The calibration data will be saved in a file in: astrobee/resources/vive_<context>.bin and will be automatically loaded the next time the system is launched. To overwrite it, the user only has to repeat the calibration procedure.


This tool is used to print in the terminal the latest available pose of the trackers specified as arguments. To use it enter the following command in a separate terminal:

rosrun vive trigger_tool <tracker1> [<tracker2> ...]


This tool prints the linear speed of the trackers specified as arguments in the terminal. To start it enter the following command in a separate terminal:

rosrun vive speed_tool <tracker1> [<tracker2> ...]



The available calibrator, src/vive_calibrate.cc, is called by the server when the system is in the CALIBRATING state to add new data and to compute the poses of the lighthouse in a chosen world frame. The calibration allows the use of multiple lighthouses.

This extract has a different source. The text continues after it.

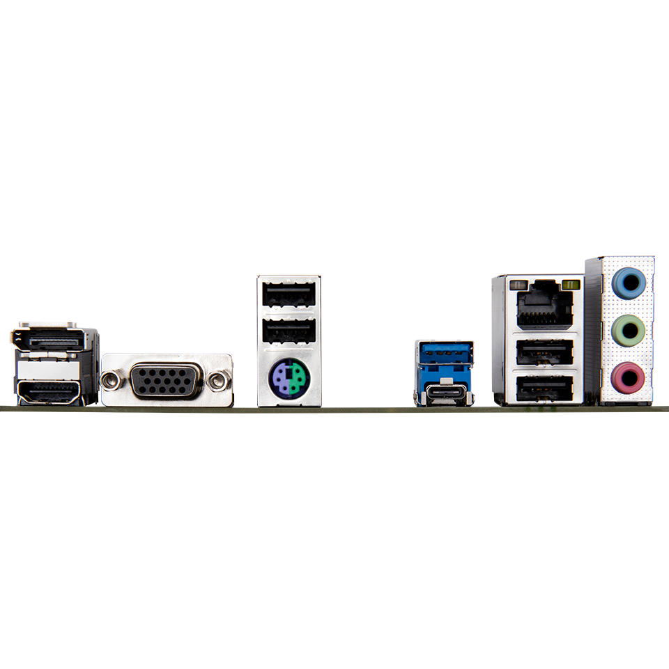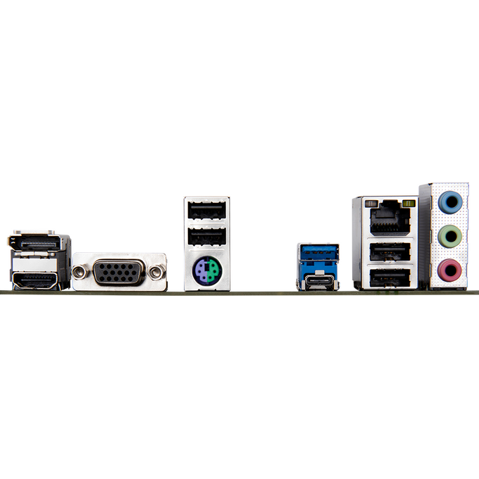 PS/2, 4 x USB 2.0, USB 3.2 Gen1, USB 3.2 Gen1 Type-C, VGA, HDMI, DisplayPort, RJ-45

The current solver, src/vive_solve.cc, is called by the server when in TRACKING state and there's new data. It then tries to find a good enough solution. It uses the data from all the lighthouses at the same time to improve the stability of the solution and decrease the jitter and jumps caused by the outliers and noise.


Being this a system with ROS as its backbone, the data is transmitted in topics. The available topics and a brief description of them follows:

  • /loc/vive/light (ff_msgs/ViveLight.msg) -- contains the data corresponding to the laser detection (angles, tracker's serial number, ...)

  • /loc/vive/trackers (ff_msgs/ViveCalibrationTrackerArray.msg) -- has the extrinsics of trackers' photodiodes and their IMU scale and bias.

  • /loc/vive/imu (sensor_msgs/Imu.msg) - contains the accelerometer and the gyroscope data from the Imu.

  • /loc/vive/lighthouses (ff_msgs/ViveCalibrationLighthouseArray.msg) -- has the lighthouse imperfections that may be used to improve the model of the system in the solver and calibrator.

  • /loc/vive/general (ff_msgs/ViveCalibrationGeneral.msg) -- has the laser and the flash specifications needed for the Vive system.

  • loc/vive/imu_markers (visualization_msgs/Marker.msg) -- visual aid for the IMU.

  • loc/vive/light_markers (visualization_msgs/MarkerArray.msg) -- visual aid for the directions of each photodiode.

  • loc/vive/tracker_markers (visualization_msgs/MarkerArray.msg) -- visual aid for the photodiodes.

  • \tf (geometry_msgs/TransformStamped.msg) - the poses of all the moving parts: trackers and controllers.

  • \tf_static (geometry_msgs/TransformStamped.msg) - poses of all the thing obtained from a calibration: lighthouses, auxiliary vive frame and world frame.

Performance Evaluation

To evaluate the accuracy of the system, we used Astrobee on a granite level surface. We placed a tracker on top of it and moved it around. From that, we expected the height of the tracker to be constant. From this test, we obtained a maximum deviation of 5 mm and a standard deviation of 1 mm for the height.